EXERCISE: Unless it is a picture, every line from the start of the entries through the line with "Wie jedes Jahr" must be retyped exactly.

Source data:
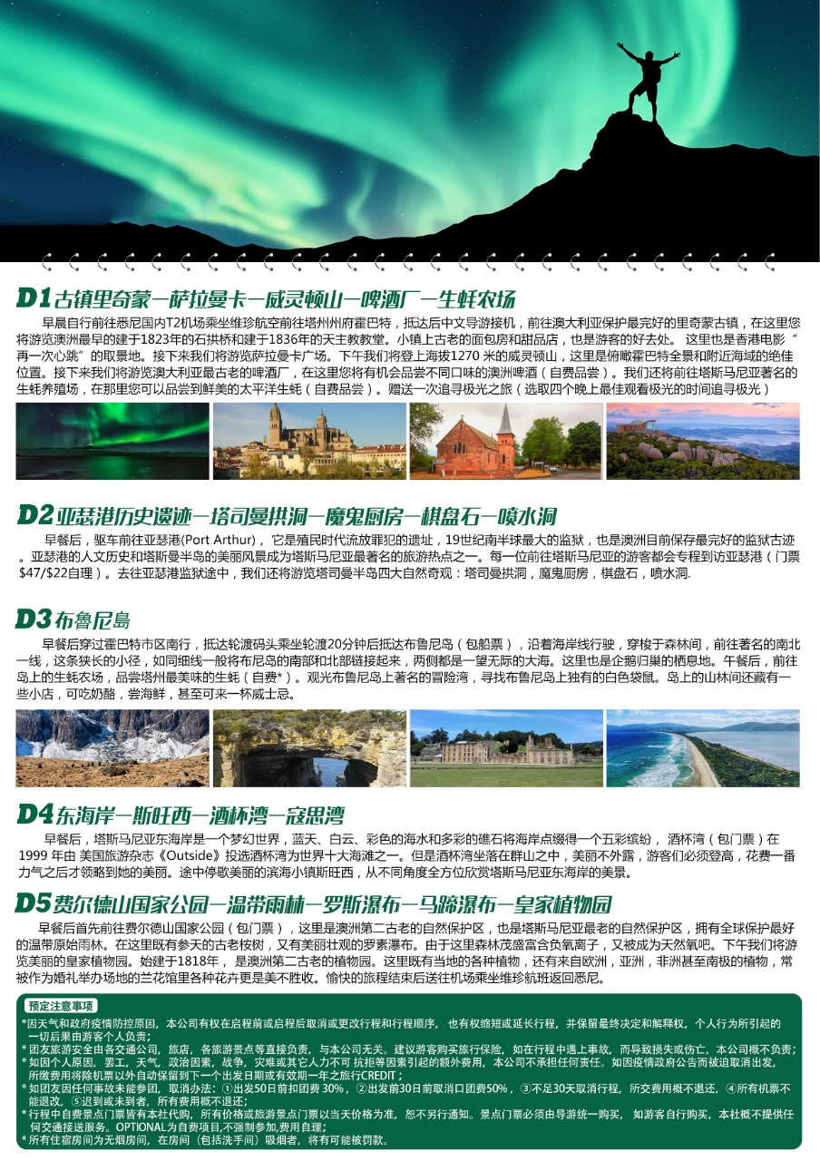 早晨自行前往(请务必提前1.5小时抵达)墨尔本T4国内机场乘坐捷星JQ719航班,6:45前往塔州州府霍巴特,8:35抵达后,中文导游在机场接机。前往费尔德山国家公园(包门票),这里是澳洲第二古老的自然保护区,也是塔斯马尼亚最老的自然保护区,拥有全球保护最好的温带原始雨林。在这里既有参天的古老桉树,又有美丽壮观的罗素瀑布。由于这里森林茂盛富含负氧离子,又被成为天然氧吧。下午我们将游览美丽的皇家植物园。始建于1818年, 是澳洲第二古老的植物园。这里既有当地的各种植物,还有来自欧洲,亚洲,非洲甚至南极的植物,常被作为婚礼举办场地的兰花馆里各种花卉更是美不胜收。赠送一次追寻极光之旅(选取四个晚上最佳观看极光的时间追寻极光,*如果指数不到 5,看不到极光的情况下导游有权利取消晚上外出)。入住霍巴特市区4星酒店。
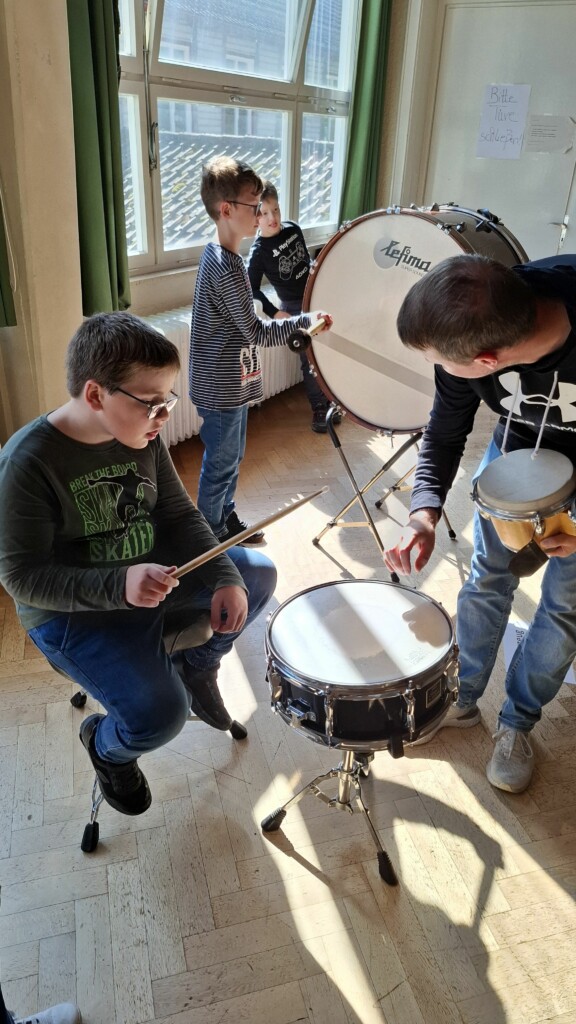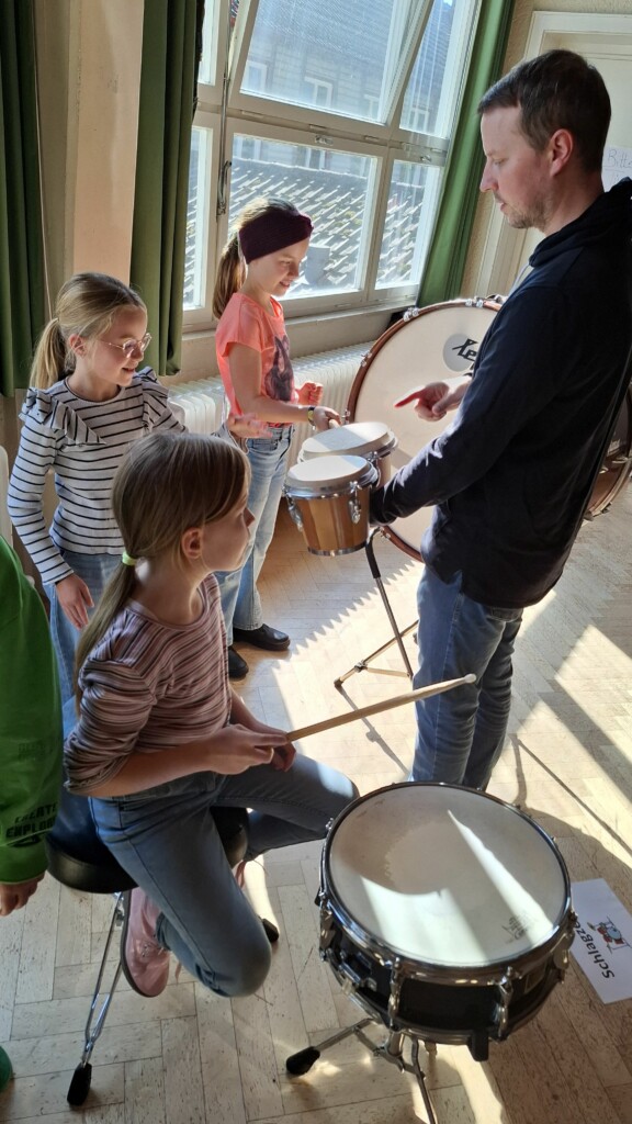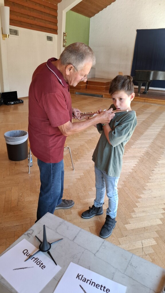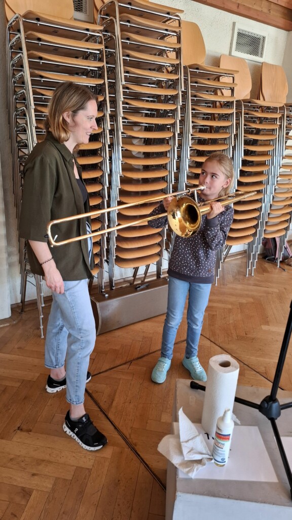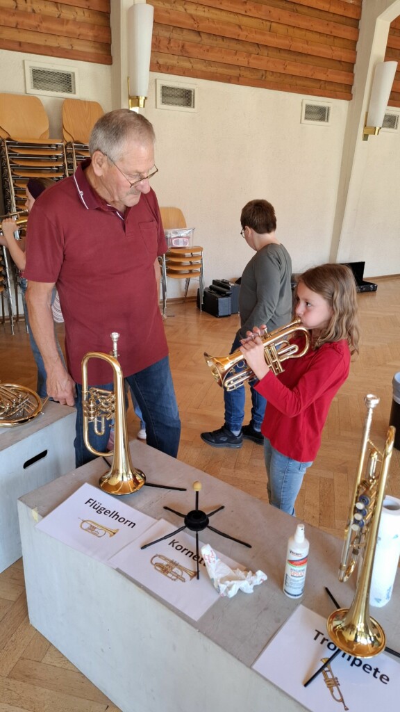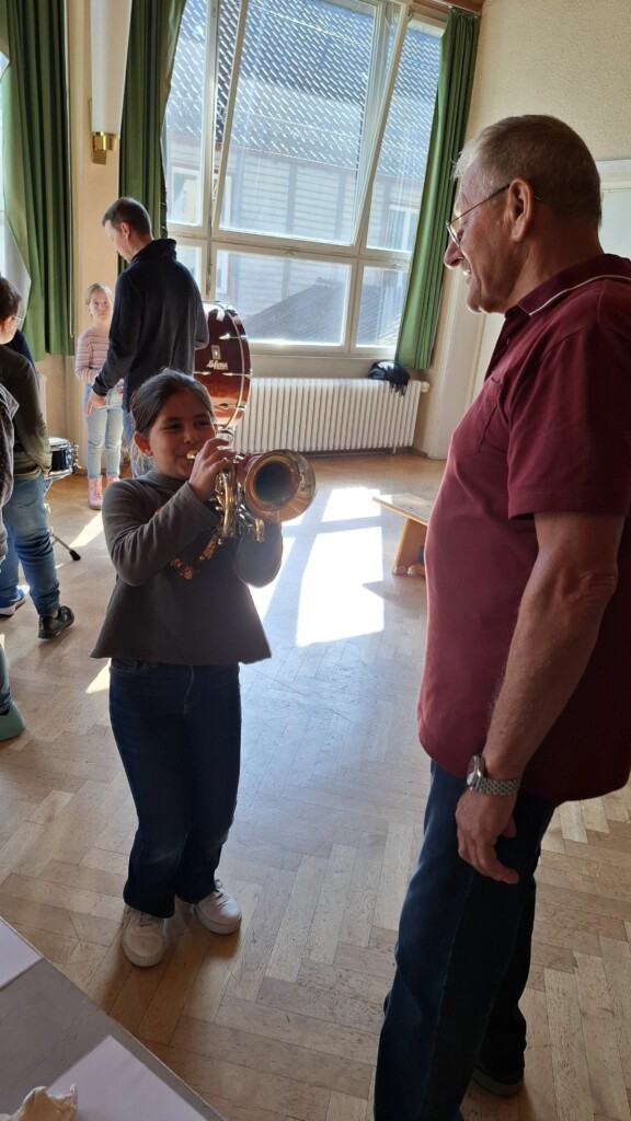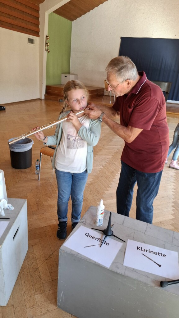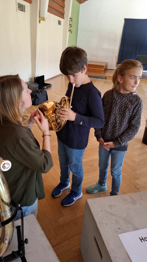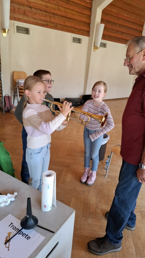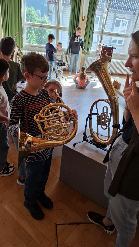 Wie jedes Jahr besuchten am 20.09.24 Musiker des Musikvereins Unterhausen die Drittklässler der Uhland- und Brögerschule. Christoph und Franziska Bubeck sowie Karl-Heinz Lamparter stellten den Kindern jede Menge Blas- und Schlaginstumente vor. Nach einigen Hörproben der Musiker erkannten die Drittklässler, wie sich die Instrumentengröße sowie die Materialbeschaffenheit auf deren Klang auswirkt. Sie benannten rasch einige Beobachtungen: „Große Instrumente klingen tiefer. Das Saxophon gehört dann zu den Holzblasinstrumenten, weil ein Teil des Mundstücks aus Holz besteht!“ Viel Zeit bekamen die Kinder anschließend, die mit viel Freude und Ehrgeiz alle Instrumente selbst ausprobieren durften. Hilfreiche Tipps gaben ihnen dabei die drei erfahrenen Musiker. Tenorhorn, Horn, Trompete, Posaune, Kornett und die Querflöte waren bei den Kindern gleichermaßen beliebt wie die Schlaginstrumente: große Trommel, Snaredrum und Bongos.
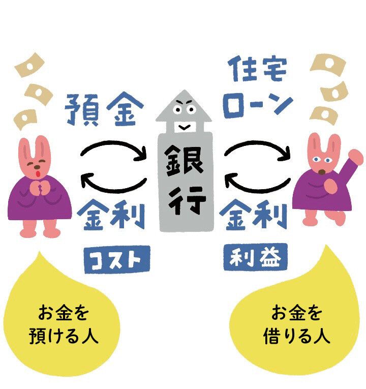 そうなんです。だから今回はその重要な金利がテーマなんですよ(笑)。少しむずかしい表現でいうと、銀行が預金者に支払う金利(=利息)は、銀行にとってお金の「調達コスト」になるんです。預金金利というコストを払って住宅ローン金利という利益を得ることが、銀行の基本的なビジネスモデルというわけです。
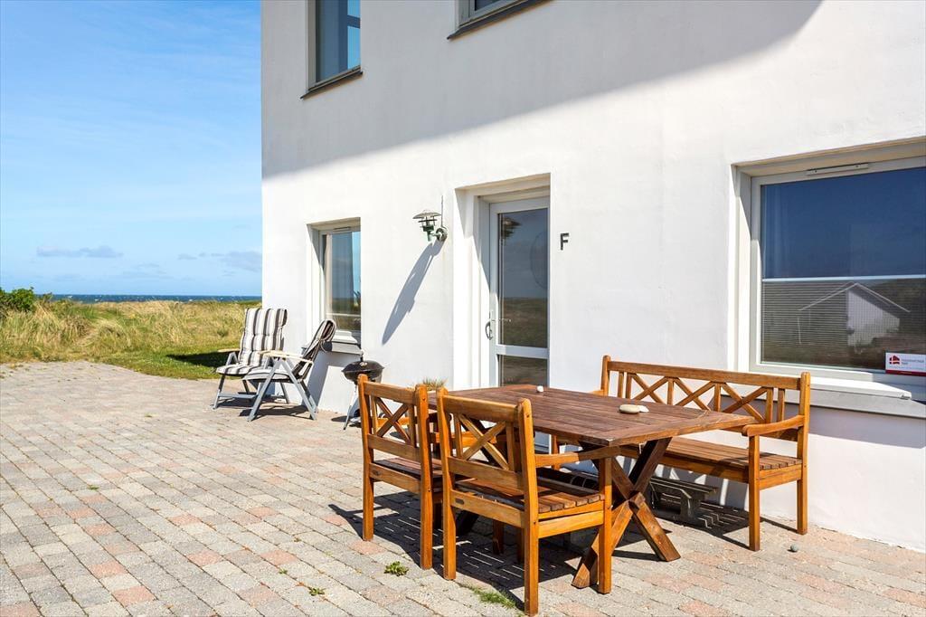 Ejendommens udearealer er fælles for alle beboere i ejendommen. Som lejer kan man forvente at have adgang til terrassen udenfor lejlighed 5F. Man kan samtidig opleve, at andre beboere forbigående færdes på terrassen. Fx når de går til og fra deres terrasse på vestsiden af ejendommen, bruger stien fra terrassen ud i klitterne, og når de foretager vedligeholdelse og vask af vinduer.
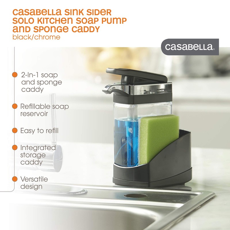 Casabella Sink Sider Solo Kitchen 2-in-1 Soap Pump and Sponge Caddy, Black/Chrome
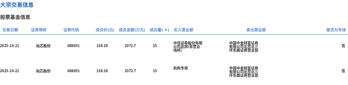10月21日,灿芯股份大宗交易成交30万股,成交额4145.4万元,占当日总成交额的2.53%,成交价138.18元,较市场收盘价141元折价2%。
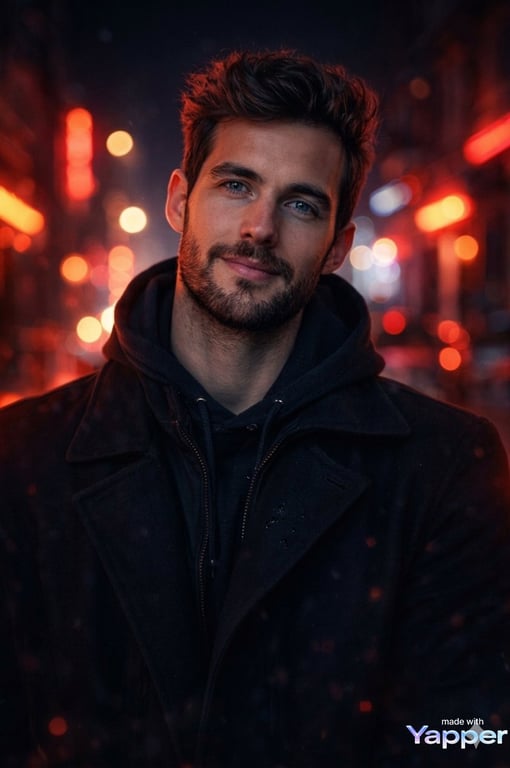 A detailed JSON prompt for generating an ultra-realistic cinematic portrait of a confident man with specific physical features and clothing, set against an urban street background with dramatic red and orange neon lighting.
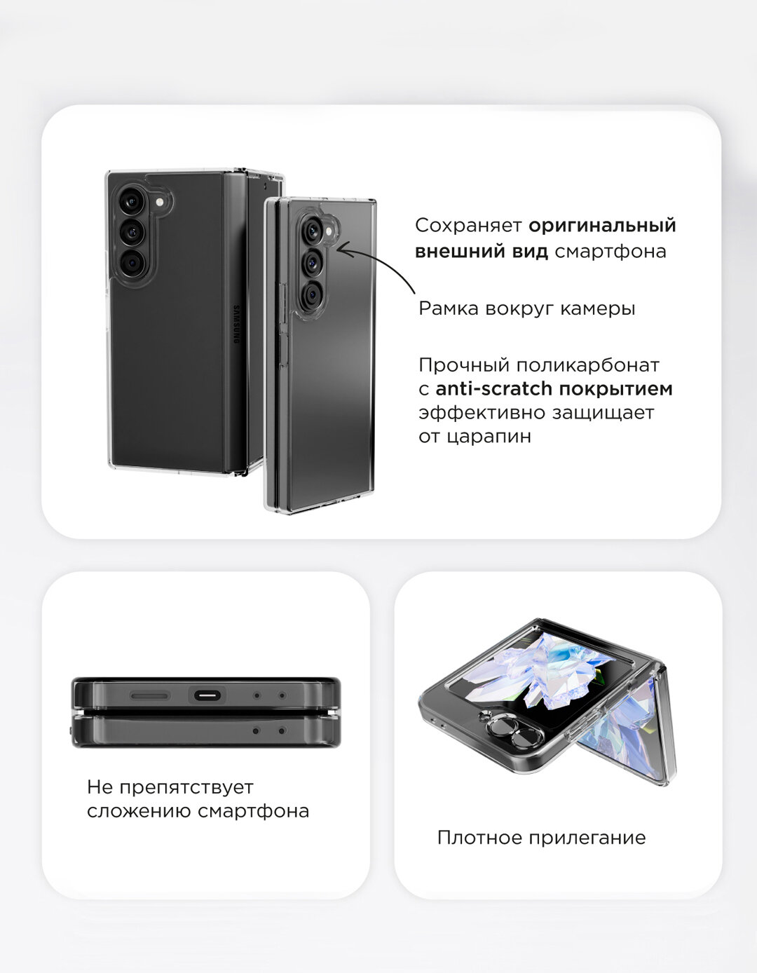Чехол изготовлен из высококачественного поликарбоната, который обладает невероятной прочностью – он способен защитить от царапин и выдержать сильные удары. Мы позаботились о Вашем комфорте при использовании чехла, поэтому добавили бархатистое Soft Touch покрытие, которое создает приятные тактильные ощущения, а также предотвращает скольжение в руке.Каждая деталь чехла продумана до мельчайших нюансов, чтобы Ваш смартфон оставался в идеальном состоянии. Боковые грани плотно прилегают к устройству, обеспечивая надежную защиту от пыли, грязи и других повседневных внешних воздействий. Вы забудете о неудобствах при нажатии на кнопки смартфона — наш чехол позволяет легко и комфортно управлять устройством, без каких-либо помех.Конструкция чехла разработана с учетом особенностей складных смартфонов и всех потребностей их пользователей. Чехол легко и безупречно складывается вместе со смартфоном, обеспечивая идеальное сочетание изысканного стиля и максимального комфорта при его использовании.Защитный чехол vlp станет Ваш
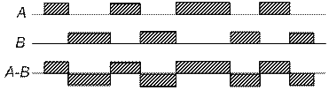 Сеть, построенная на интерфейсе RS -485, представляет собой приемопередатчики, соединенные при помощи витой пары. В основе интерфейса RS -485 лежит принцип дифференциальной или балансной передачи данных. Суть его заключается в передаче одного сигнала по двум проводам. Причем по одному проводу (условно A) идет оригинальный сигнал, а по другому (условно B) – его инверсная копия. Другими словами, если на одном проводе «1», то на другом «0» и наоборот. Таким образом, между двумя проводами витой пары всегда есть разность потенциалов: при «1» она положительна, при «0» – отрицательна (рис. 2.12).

REPLY:
 早晨自行前往(请务必提前1.5小时抵达)墨尔本T4国内机场乘坐捷星JQ719航班,6:45前往塔州州府霍巴特,8:35抵达后,中文导游在机场接机。前往费尔德山国家公园(包门票),这里是澳洲第二古老的自然保护区,也是塔斯马尼亚最老的自然保护区,拥有全球保护最好的温带原始雨林。在这里既有参天的古老桉树,又有美丽壮观的罗素瀑布。由于这里森林茂盛富含负氧离子,又被成为天然氧吧。下午我们将游览美丽的皇家植物园。始建于1818年, 是澳洲第二古老的植物园。这里既有当地的各种植物,还有来自欧洲,亚洲,非洲甚至南极的植物,常被作为婚礼举办场地的兰花馆里各种花卉更是美不胜收。赠送一次追寻极光之旅(选取四个晚上最佳观看极光的时间追寻极光,*如果指数不到 5,看不到极光的情况下导游有权利取消晚上外出)。入住霍巴特市区4星酒店。
 Wie jedes Jahr besuchten am 20.09.24 Musiker des Musikvereins Unterhausen die Drittklässler der Uhland- und Brögerschule. Christoph und Franziska Bubeck sowie Karl-Heinz Lamparter stellten den Kindern jede Menge Blas- und Schlaginstumente vor. Nach einigen Hörproben der Musiker erkannten die Drittklässler, wie sich die Instrumentengröße sowie die Materialbeschaffenheit auf deren Klang auswirkt. Sie benannten rasch einige Beobachtungen: „Große Instrumente klingen tiefer. Das Saxophon gehört dann zu den Holzblasinstrumenten, weil ein Teil des Mundstücks aus Holz besteht!“ Viel Zeit bekamen die Kinder anschließend, die mit viel Freude und Ehrgeiz alle Instrumente selbst ausprobieren durften. Hilfreiche Tipps gaben ihnen dabei die drei erfahrenen Musiker. Tenorhorn, Horn, Trompete, Posaune, Kornett und die Querflöte waren bei den Kindern gleichermaßen beliebt wie die Schlaginstrumente: große Trommel, Snaredrum und Bongos.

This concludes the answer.